Because the copy must hold no pictures, return the data below with all of its words intact.
[Data extract]
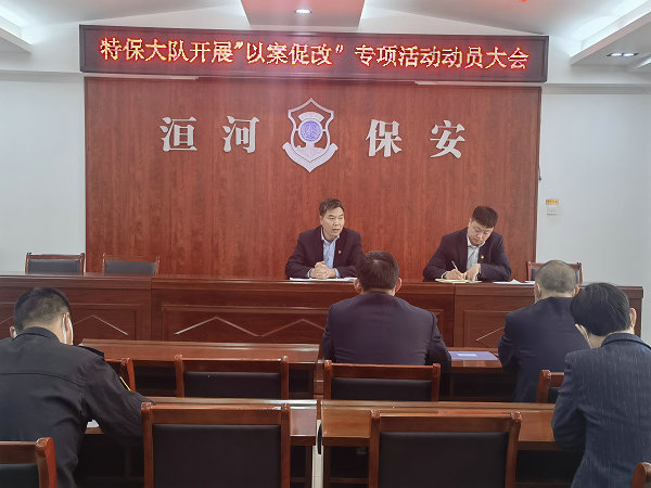 為認(rèn)真學(xué)習(xí)貫徹公司“以案促改”活動(dòng)方案精神,3月14日下午,特保大隊(duì)在公司南二樓會(huì)議室召開(kāi)班長(zhǎng)以上骨干動(dòng)員會(huì)。大隊(duì)長(zhǎng)李樞林對(duì)專項(xiàng)活動(dòng)大隊(duì)方案進(jìn)行部署,總經(jīng)理助理趙潤(rùn)平參加動(dòng)員會(huì)并提出具體要求。
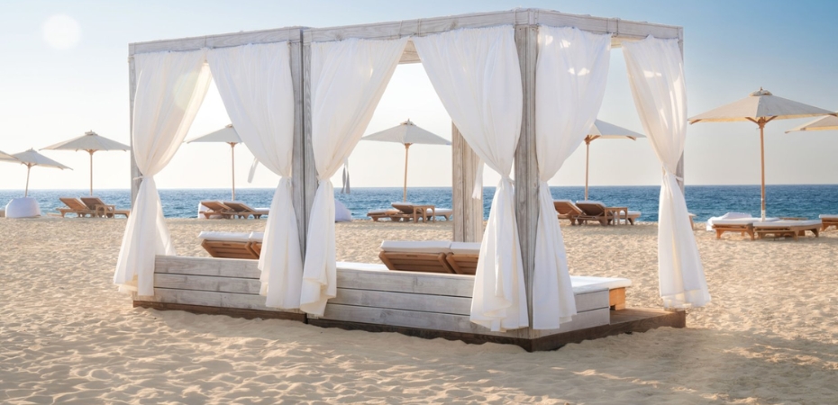 Spiagge e piscine Sorge direttamente su una meravigliosa ed ampia spiaggia bianca di sabbia fine con accesso diretto e digradante al mare. A disposizione degli ospiti 6 piscine, di cui una con acqua di mare, una riscaldata, una piscina a onde per il divertimento di grandi e piccini e una piscina riservata ai clienti prenotati in villa. Lettini, ombrelloni e teli mare disponibili in piscina e in spiaggia.
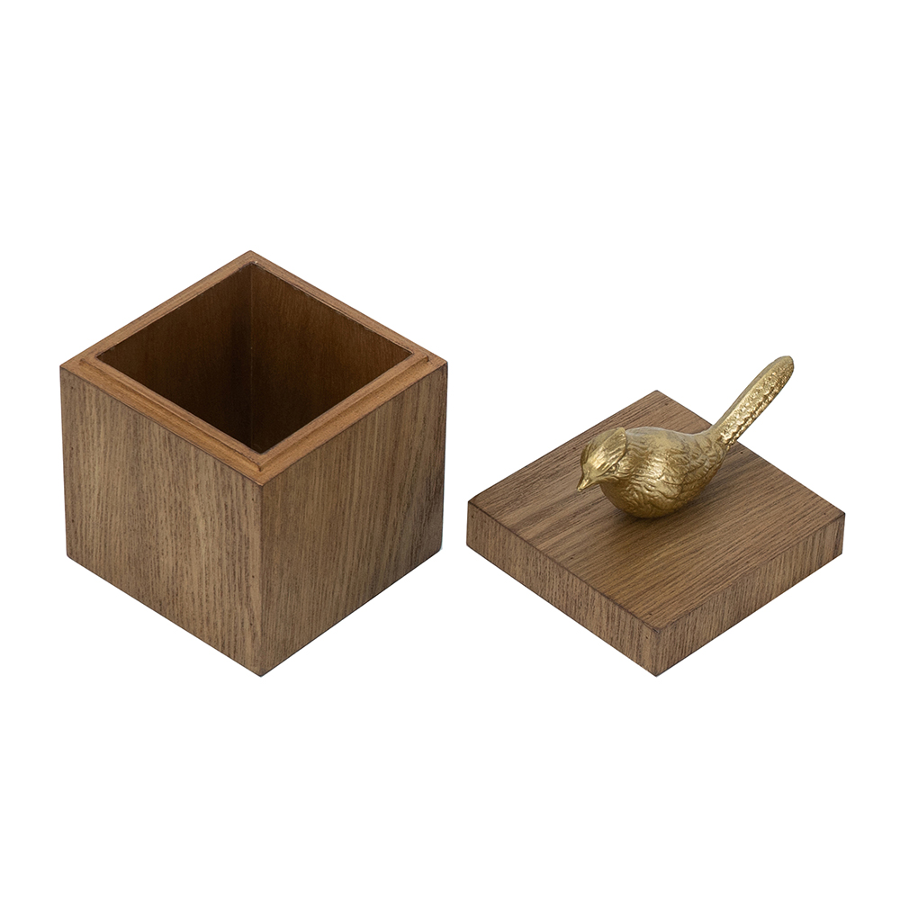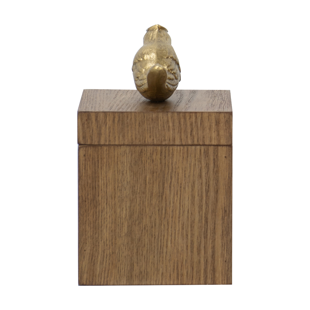 CAJA DE MADERA CON PAJARO DORADO S
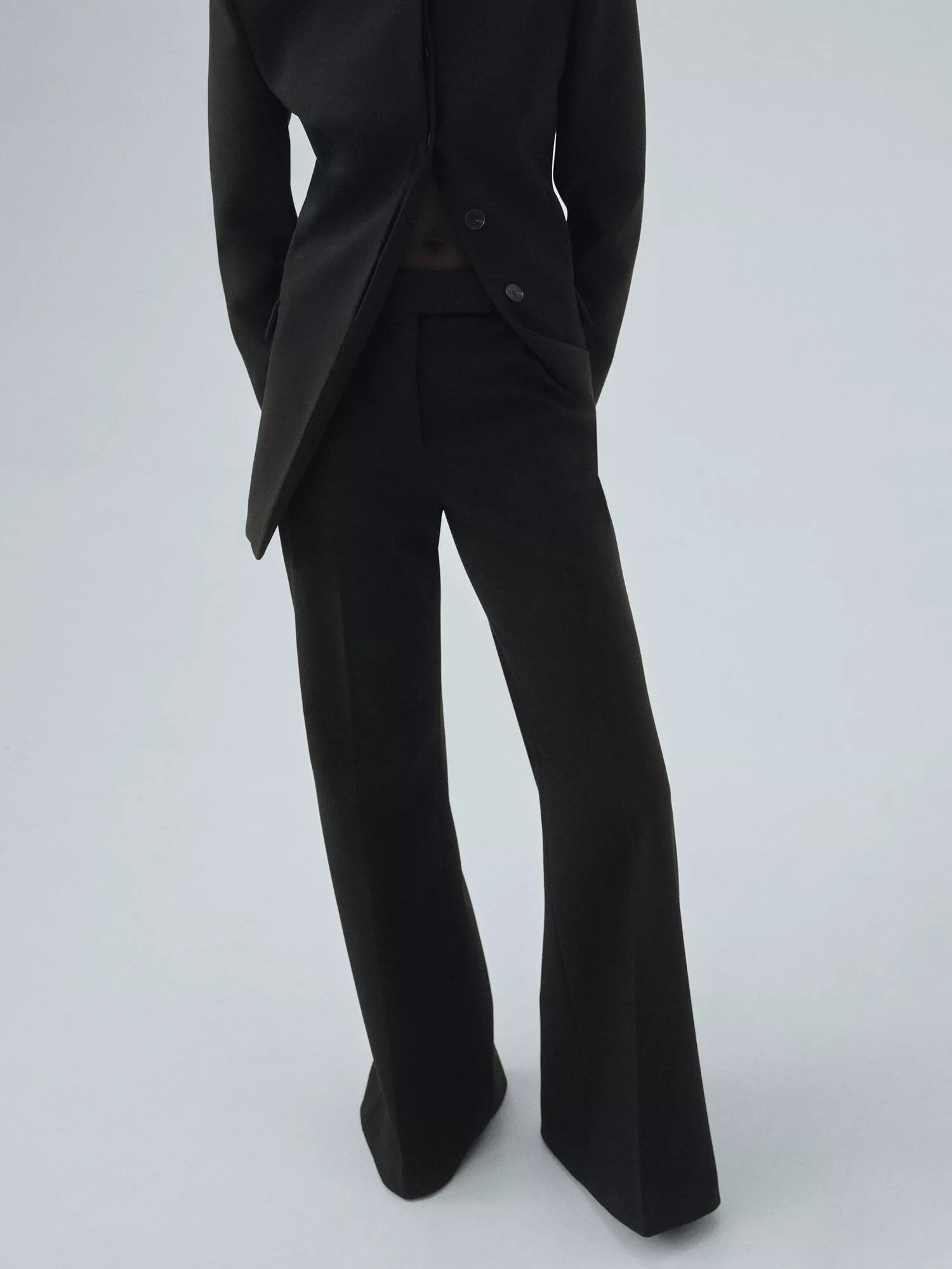 Exaggerated lines meet a power-like stance in these wide-leg trousers by Mango. They sit mid rise with a zip fly and regular length hems.
[/Data extract]
• [Solution to the problem]
 為認(rèn)真學(xué)習(xí)貫徹公司“以案促改”活動(dòng)方案精神,3月14日下午,特保大隊(duì)在公司南二樓會(huì)議室召開(kāi)班長(zhǎng)以上骨干動(dòng)員會(huì)。大隊(duì)長(zhǎng)李樞林對(duì)專項(xiàng)活動(dòng)大隊(duì)方案進(jìn)行部署,總經(jīng)理助理趙潤(rùn)平參加動(dòng)員會(huì)并提出具體要求。
 Spiagge e piscine Sorge direttamente su una meravigliosa ed ampia spiaggia bianca di sabbia fine con accesso diretto e digradante al mare. A disposizione degli ospiti 6 piscine, di cui una con acqua di mare, una riscaldata, una piscina a onde per il divertimento di grandi e piccini e una piscina riservata ai clienti prenotati in villa. Lettini, ombrelloni e teli mare disponibili in piscina e in spiaggia.
 CAJA DE MADERA CON PAJARO DORADO S
 Exaggerated lines meet a power-like stance in these wide-leg trousers by Mango. They sit mid rise with a zip fly and regular length hems.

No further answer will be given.